Dataset items:
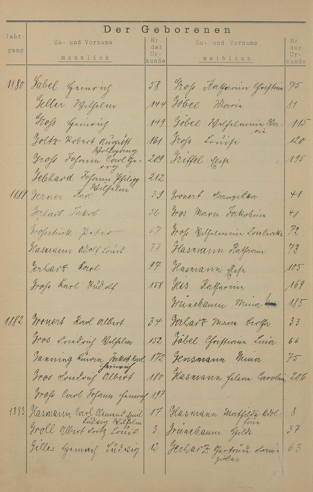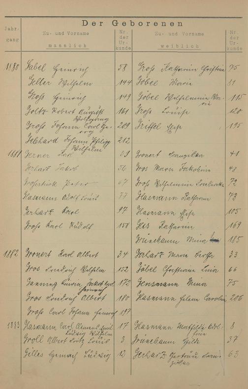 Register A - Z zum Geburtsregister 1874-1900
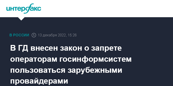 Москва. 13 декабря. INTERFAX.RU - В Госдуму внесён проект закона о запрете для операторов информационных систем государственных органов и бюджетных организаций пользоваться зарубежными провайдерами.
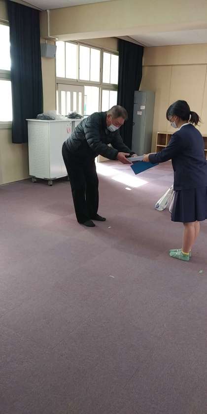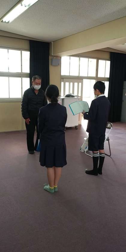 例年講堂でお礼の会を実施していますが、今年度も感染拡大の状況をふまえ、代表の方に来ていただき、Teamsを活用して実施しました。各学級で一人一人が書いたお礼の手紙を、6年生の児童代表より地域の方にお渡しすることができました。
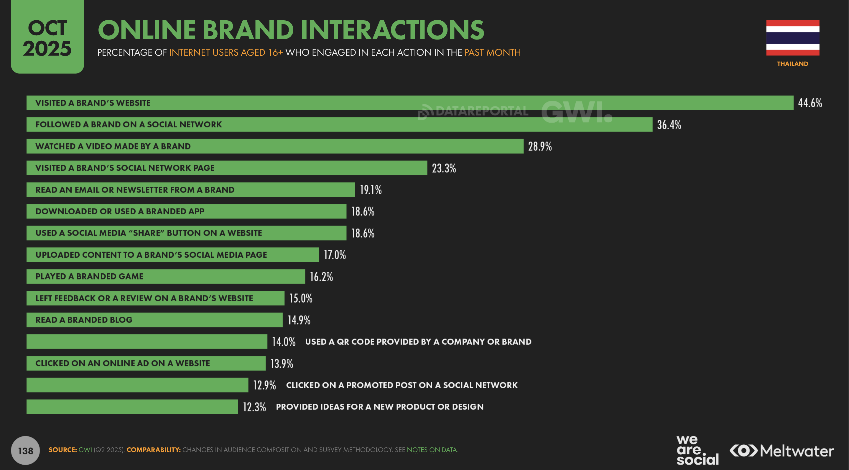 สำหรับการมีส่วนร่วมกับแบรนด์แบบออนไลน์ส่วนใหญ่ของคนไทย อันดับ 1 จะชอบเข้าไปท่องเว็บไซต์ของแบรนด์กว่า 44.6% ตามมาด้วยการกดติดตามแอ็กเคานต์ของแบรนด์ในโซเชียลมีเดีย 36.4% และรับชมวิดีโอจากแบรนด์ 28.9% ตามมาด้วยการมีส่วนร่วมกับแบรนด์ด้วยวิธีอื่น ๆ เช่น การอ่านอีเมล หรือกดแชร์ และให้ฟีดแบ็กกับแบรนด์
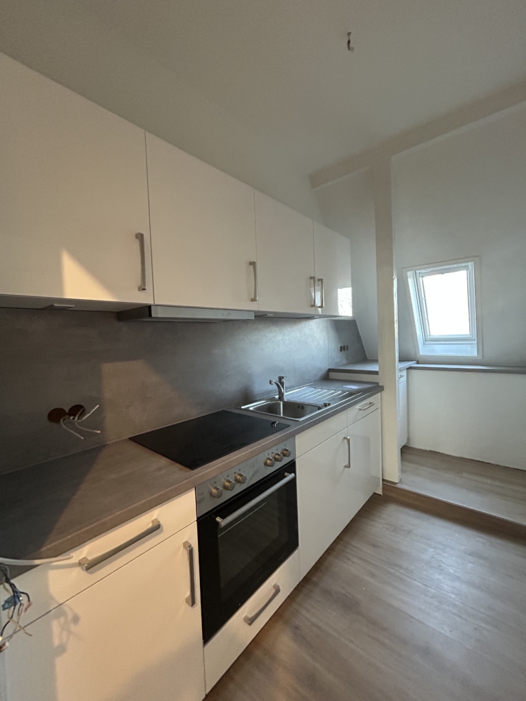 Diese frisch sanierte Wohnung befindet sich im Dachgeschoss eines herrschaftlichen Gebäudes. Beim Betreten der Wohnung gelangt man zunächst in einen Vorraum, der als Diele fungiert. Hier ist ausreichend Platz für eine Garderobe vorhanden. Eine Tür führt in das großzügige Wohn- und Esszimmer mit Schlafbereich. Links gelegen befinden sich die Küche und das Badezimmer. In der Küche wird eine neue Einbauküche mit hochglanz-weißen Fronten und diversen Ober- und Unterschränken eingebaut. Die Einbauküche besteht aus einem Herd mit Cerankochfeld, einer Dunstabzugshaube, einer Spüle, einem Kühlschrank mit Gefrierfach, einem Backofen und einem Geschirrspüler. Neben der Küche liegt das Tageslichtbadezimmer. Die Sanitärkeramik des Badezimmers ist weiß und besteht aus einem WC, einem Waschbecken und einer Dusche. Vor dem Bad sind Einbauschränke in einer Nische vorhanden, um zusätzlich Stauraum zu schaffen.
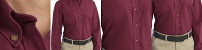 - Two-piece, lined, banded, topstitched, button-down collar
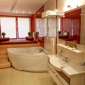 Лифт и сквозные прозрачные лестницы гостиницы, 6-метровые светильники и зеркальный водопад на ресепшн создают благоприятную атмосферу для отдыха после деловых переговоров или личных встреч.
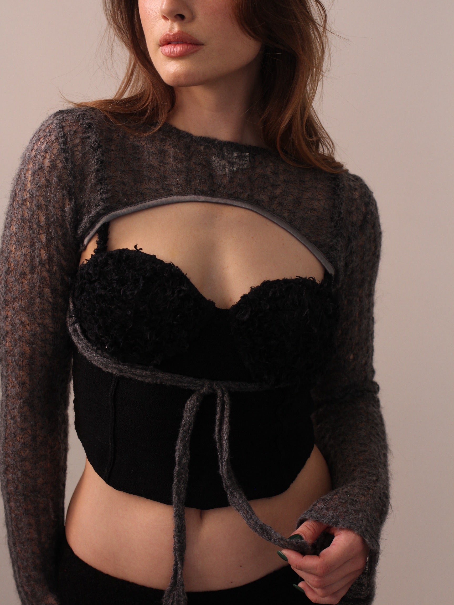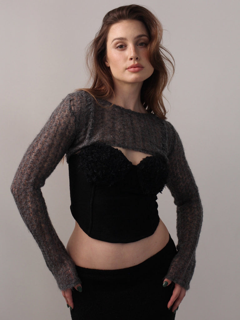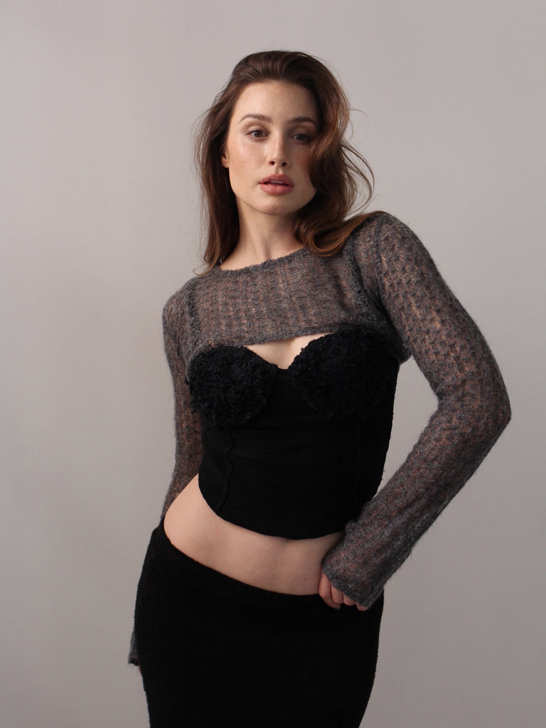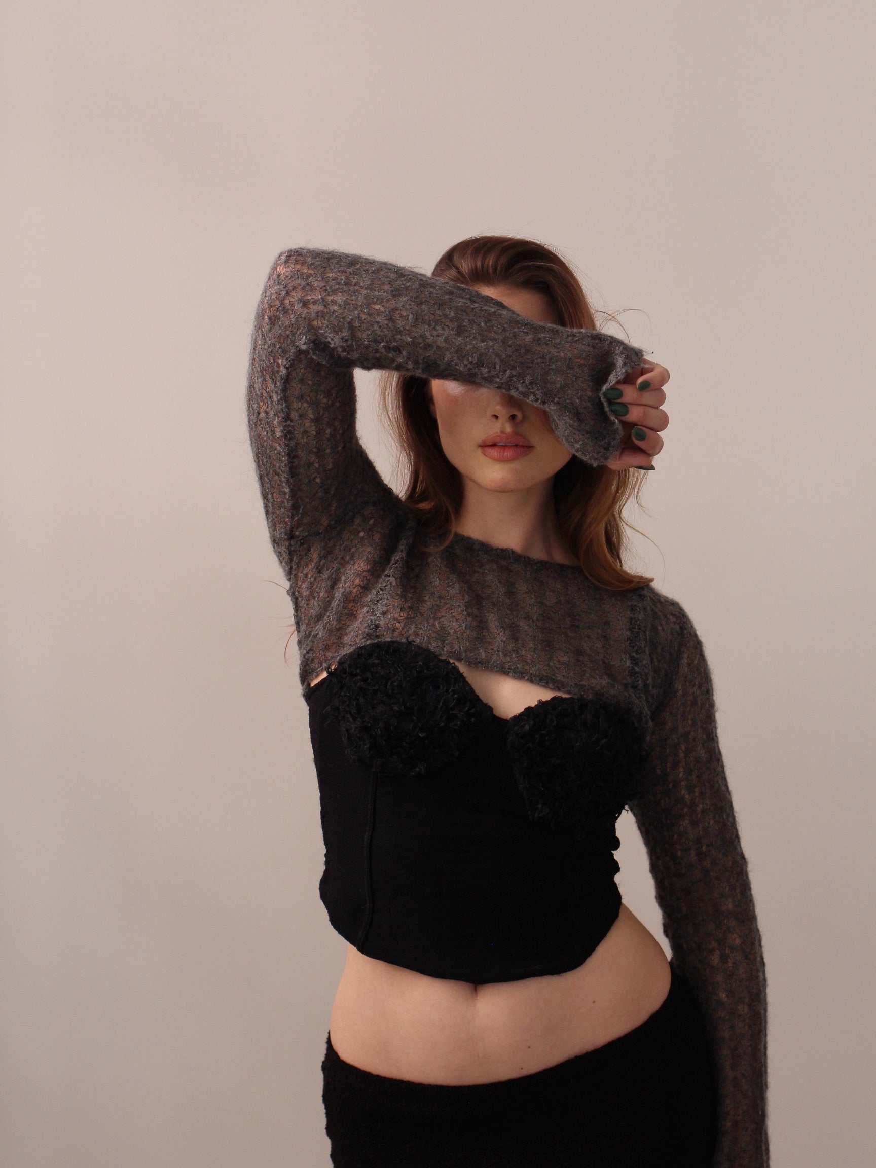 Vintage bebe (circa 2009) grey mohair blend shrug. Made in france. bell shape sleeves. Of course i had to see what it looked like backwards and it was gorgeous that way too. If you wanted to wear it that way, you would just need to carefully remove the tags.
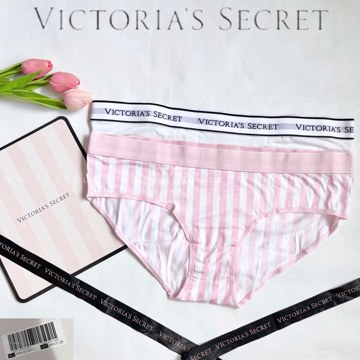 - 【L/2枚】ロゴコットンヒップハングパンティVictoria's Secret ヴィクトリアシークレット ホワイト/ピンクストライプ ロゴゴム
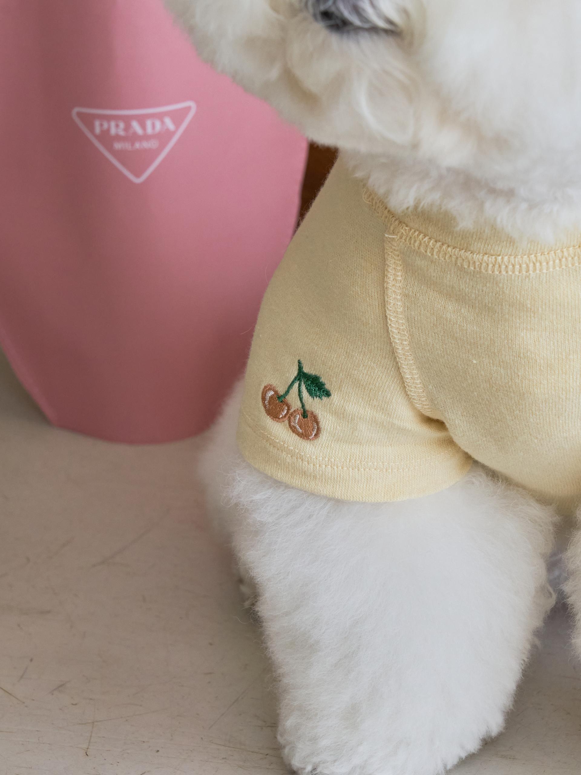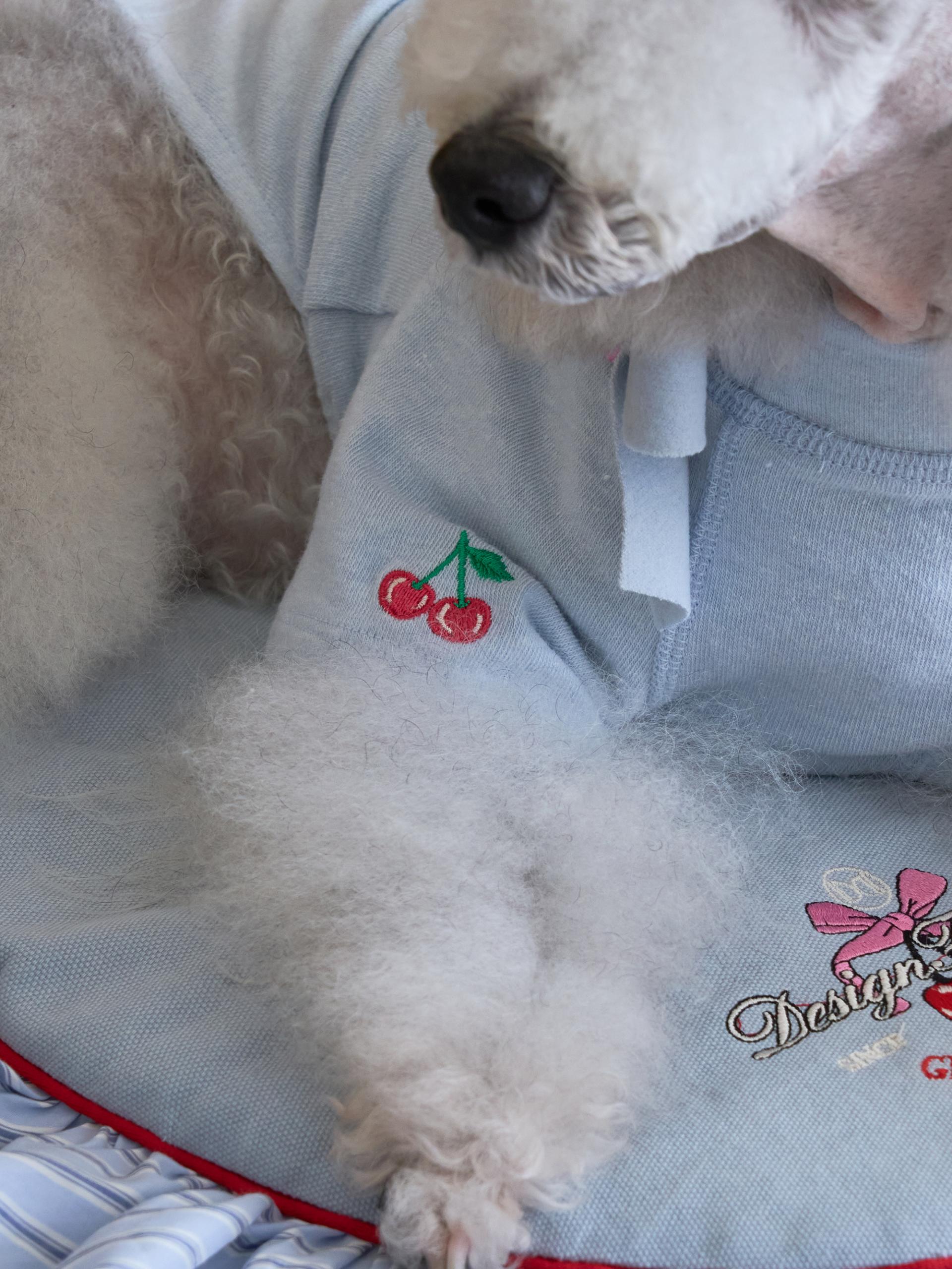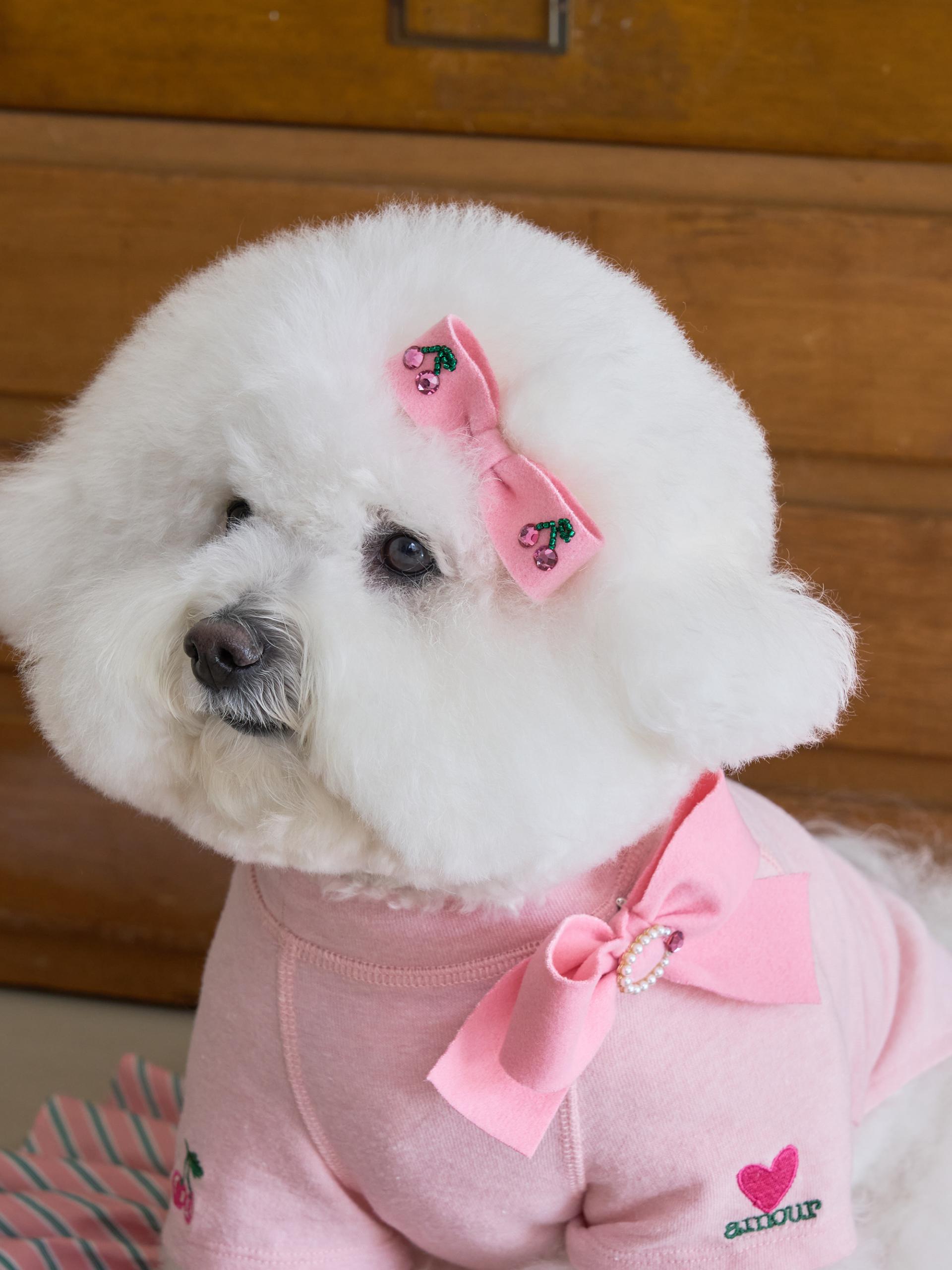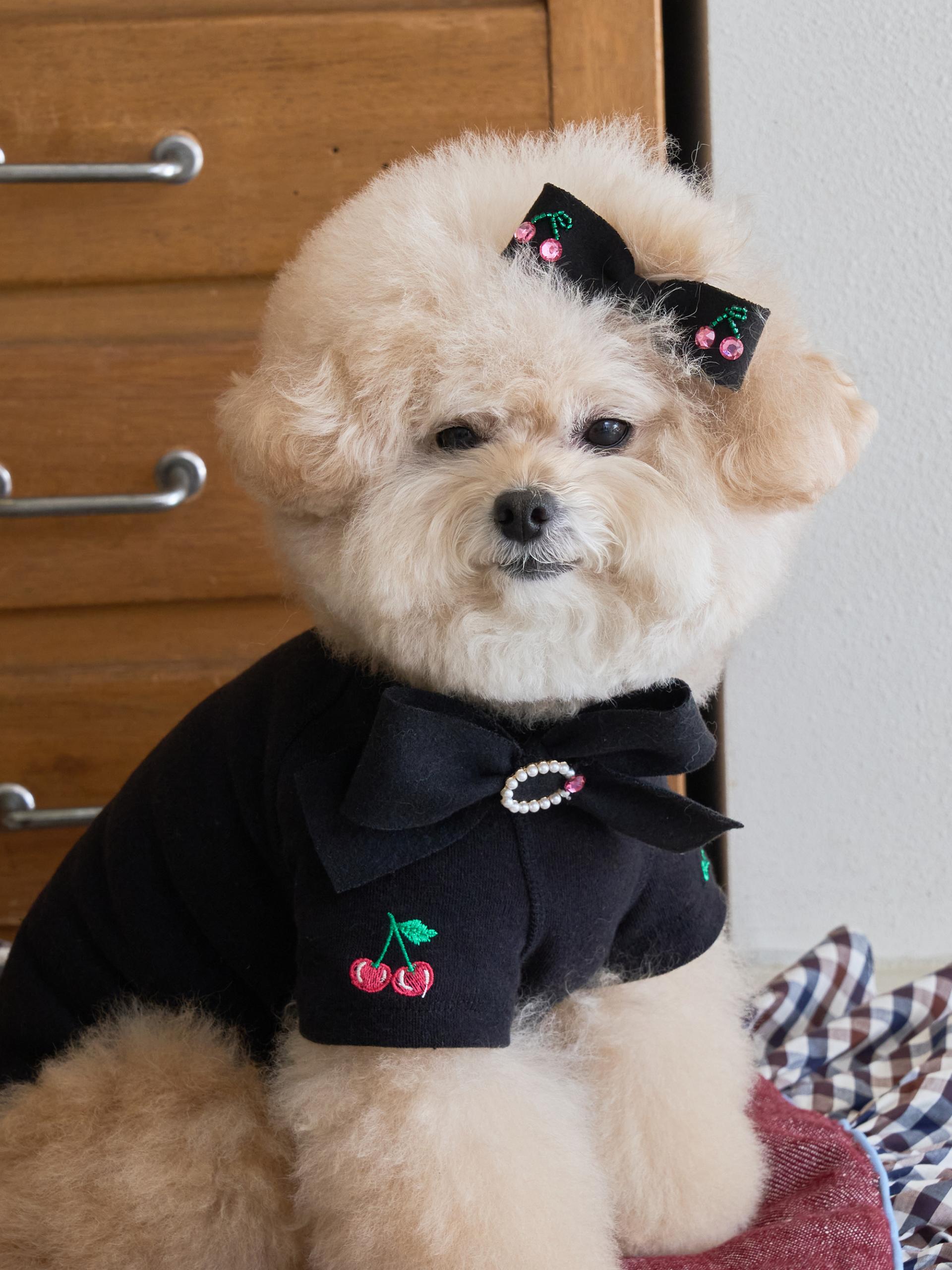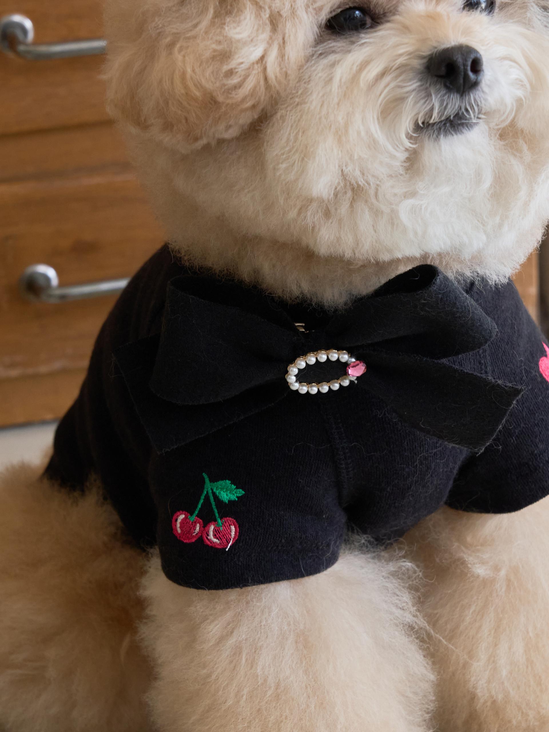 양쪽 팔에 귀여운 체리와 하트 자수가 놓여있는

▸ **REQUIREMENT**
Pictures stay out; the data above is to be returned exactly.

▸ **RESPONSE TO THIS EXERCISE**
 Register A - Z zum Geburtsregister 1874-1900
 Москва. 13 декабря. INTERFAX.RU - В Госдуму внесён проект закона о запрете для операторов информационных систем государственных органов и бюджетных организаций пользоваться зарубежными провайдерами.
 例年講堂でお礼の会を実施していますが、今年度も感染拡大の状況をふまえ、代表の方に来ていただき、Teamsを活用して実施しました。各学級で一人一人が書いたお礼の手紙を、6年生の児童代表より地域の方にお渡しすることができました。
 สำหรับการมีส่วนร่วมกับแบรนด์แบบออนไลน์ส่วนใหญ่ของคนไทย อันดับ 1 จะชอบเข้าไปท่องเว็บไซต์ของแบรนด์กว่า 44.6% ตามมาด้วยการกดติดตามแอ็กเคานต์ของแบรนด์ในโซเชียลมีเดีย 36.4% และรับชมวิดีโอจากแบรนด์ 28.9% ตามมาด้วยการมีส่วนร่วมกับแบรนด์ด้วยวิธีอื่น ๆ เช่น การอ่านอีเมล หรือกดแชร์ และให้ฟีดแบ็กกับแบรนด์
 Diese frisch sanierte Wohnung befindet sich im Dachgeschoss eines herrschaftlichen Gebäudes. Beim Betreten der Wohnung gelangt man zunächst in einen Vorraum, der als Diele fungiert. Hier ist ausreichend Platz für eine Garderobe vorhanden. Eine Tür führt in das großzügige Wohn- und Esszimmer mit Schlafbereich. Links gelegen befinden sich die Küche und das Badezimmer. In der Küche wird eine neue Einbauküche mit hochglanz-weißen Fronten und diversen Ober- und Unterschränken eingebaut. Die Einbauküche besteht aus einem Herd mit Cerankochfeld, einer Dunstabzugshaube, einer Spüle, einem Kühlschrank mit Gefrierfach, einem Backofen und einem Geschirrspüler. Neben der Küche liegt das Tageslichtbadezimmer. Die Sanitärkeramik des Badezimmers ist weiß und besteht aus einem WC, einem Waschbecken und einer Dusche. Vor dem Bad sind Einbauschränke in einer Nische vorhanden, um zusätzlich Stauraum zu schaffen.
 - Two-piece, lined, banded, topstitched, button-down collar
 Лифт и сквозные прозрачные лестницы гостиницы, 6-метровые светильники и зеркальный водопад на ресепшн создают благоприятную атмосферу для отдыха после деловых переговоров или личных встреч.
 Vintage bebe (circa 2009) grey mohair blend shrug. Made in france. bell shape sleeves. Of course i had to see what it looked like backwards and it was gorgeous that way too. If you wanted to wear it that way, you would just need to carefully remove the tags.
 - 【L/2枚】ロゴコットンヒップハングパンティVictoria's Secret ヴィクトリアシークレット ホワイト/ピンクストライプ ロゴゴム
 양쪽 팔에 귀여운 체리와 하트 자수가 놓여있는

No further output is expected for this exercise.